79話 アメリカの変調 改
話の前後が合わなくなり、書き換えます。
混乱させてしまい、申し訳ありません
「私も年寄りだから、70過ぎの権力者が必ずしも悪いとは言いたくない。だが、偶然なのか今の世界強国の権力者そろいもそろって、年寄りばかりでしかも愚かだ。」
「愚かと言うのは余りに、極端すぎませんか?」スミスの自国大統領の酷い評価に呆れる。
「いや、私だって、アメリカを愛する。今もアメリカにいたら大統領を支持し、資金さえ提供したかもしれない。それほど、彼には期待していた。
だがアメリカを離れ日本に暮らしてみると、アメリカの負の部分も見えてくる。特に今の大統領の振る舞いを見たら、失望するしかない。
彼は支持者から喜ばれること、選挙に勝つことしか頭にない。国民が豊かになろうがなるまいが気にもかけない。
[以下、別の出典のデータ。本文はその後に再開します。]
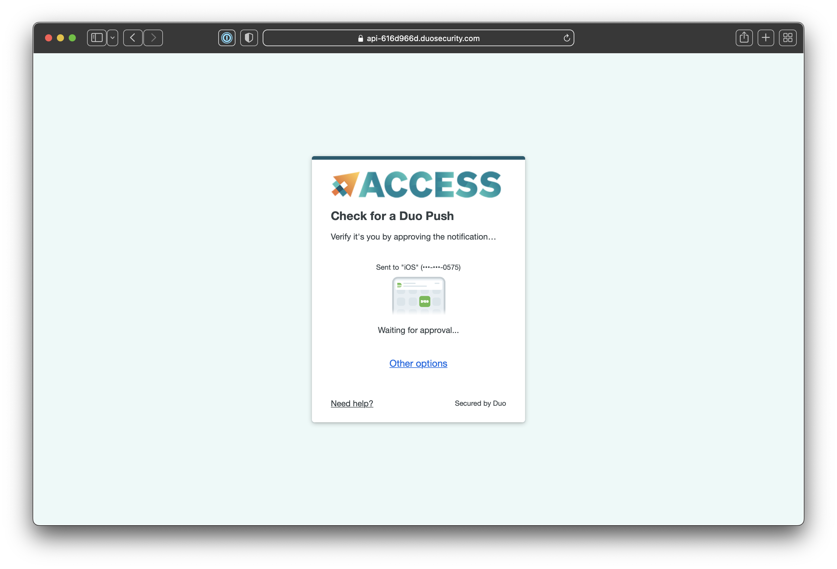 - If you’re using multi-factor authentication with your credentials as ACCESS does, you’ll likely get a Duo or an Authenticator screen here.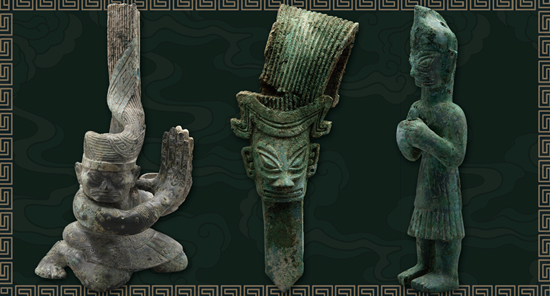 三星堆出土的铜扭头跪坐人像、铜立发人像、铜小立人像(从左至右)。 受访者供图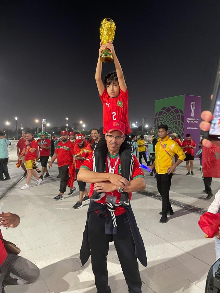Mohammed Aderdor, one of the Moroccan community leaders in Qatar, with his son during one of the Moroccan games at the FIFA World Cup Qatar 2022.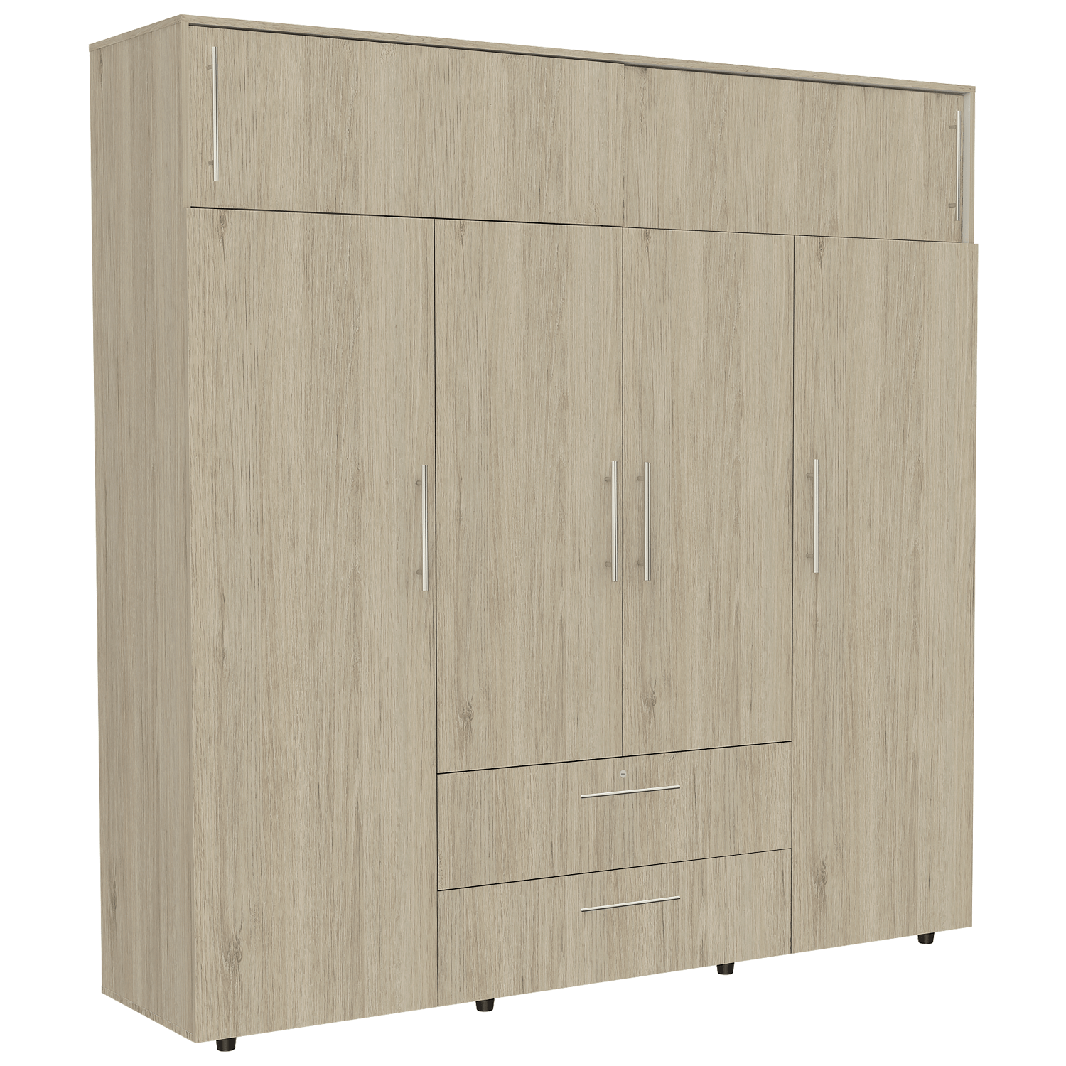 Closet con dos puertas corredizas, cuatro puertas abatibles y cuatro cajones. Tres tubos para colgar ropa y amplios espacios para almacenar ropa y zapatos. Medidas en Centimetros: Alto: 204 Ancho:200 Largo: 50,3 NO INCLUYE ARMADO, Hecho de madera aglomerada, limpiar en seco, no productos abrasivos, ni humedad alta , La foto de este producto ha sido ambientada, por lo cual no incluye ningún adorno, ni accesorios, ni piezas adicionales ni ningún otro elemento que lo acompañan. El color presentado en la fotografía es una aproximación al color real.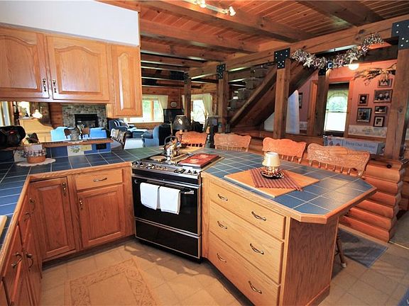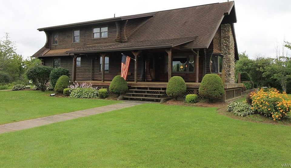 Tucked back from the road on 12 country acres, this Lovely log home has so much to offer! You will love the large open livingroom with beautiful beams, fireplace, and view of open stairway to loft. Spacious master bedroom/bath with Jacuzzi and door to upper balcony. Great kitchen has plenty of cabinets, center island/breakfast bar and is open to dining room. First floor laundry, full basement can give additional sq. ft for family room/rec room and extra storage. Enjoy the wooded backyard, open front porch, storage shed, and economical Arcade electric. Additional 6 acres could be purchased if more land is desired.
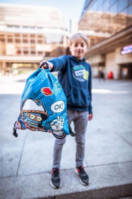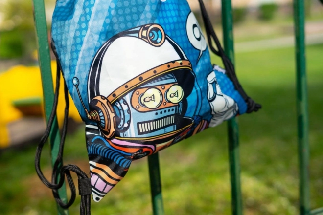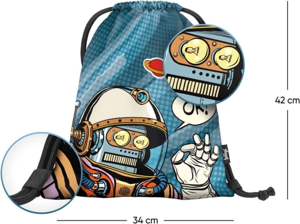 Săculețul pentru papuci BAAGL Spaceman este accesoriul ideal pentru copiii care au nevoie de o soluție practică și stilată pentru transportul obiectelor personale. Fabricat din material textil de calitate, oferă un material foarte rezistent care asigură o durată lungă de viață. Datorită designului unic inspirat din benzi desenate cu robot, acest săculeț este nu doar funcțional, ci și amuzant. Datorită șnururilor rezistente, săculețul poate fi strâns ușor și purtat pe spate ca un rucsac.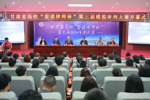 5月7日下午,由甘肃省律师协会主办、甘肃政新葡萄8883官网AMG新葡萄8883官网AMG承办的甘肃省高校“雷诺律师杯”第三届模拟审判大赛开幕式在甘肃政新葡萄8883官网AMG明法讲堂举行。甘肃省律师协会、甘肃省法制报社、新葡萄8883官网AMG、西北民族大学新葡萄8883官网AMG、兰州大学新葡萄8883官网AMG、兰州理工大学新葡萄8883官网AMG、兰州财经大学新葡萄8883官网AMG、甘肃政新葡萄8883官网AMG等有关单位负责人和各校参赛学生代表参加了此次活动。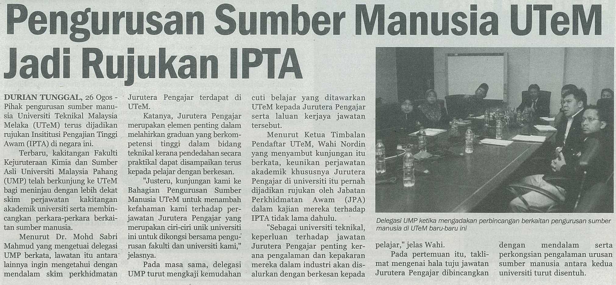 Pengurusan Sumber Manusia UTeM Jadi Rujukan IPTA

そして、今のアメリカは世界から孤立し、相手にもされていない。見放されるだろう。」
「アメリカは覇権国です。アメリカが世界から孤立するとは思えませんが。」
「アメリカは確かに覇権国だが、覇権国には“覇権国病”というのも存在する。だからいずれ衰退するよ。」
「“覇権国病”ですか?」何を言っているんだろうと不思議になる。
「そう“覇権国病”あるいは“米国病”といってもよい。
アメリカが一番だと政府も国民も思い、外国のことなど気にもしなくなっている。
ところが他国から疎まれ、相手にされなくなっていることに気付いてない。いや、気づこうとしてないと言ってよい。
そんな国が何時までも覇権国で居られるだろうか?」
「しかし、アメリカが世界最強国で、世界一の経済国家でしょう。」
「いや、覇権国病は治らない。アメリカの病巣は深いよ。
アメリカ国民は楽をして金が入るようになって、怠惰になってしまった。このようになってしまってはもう元には戻れない。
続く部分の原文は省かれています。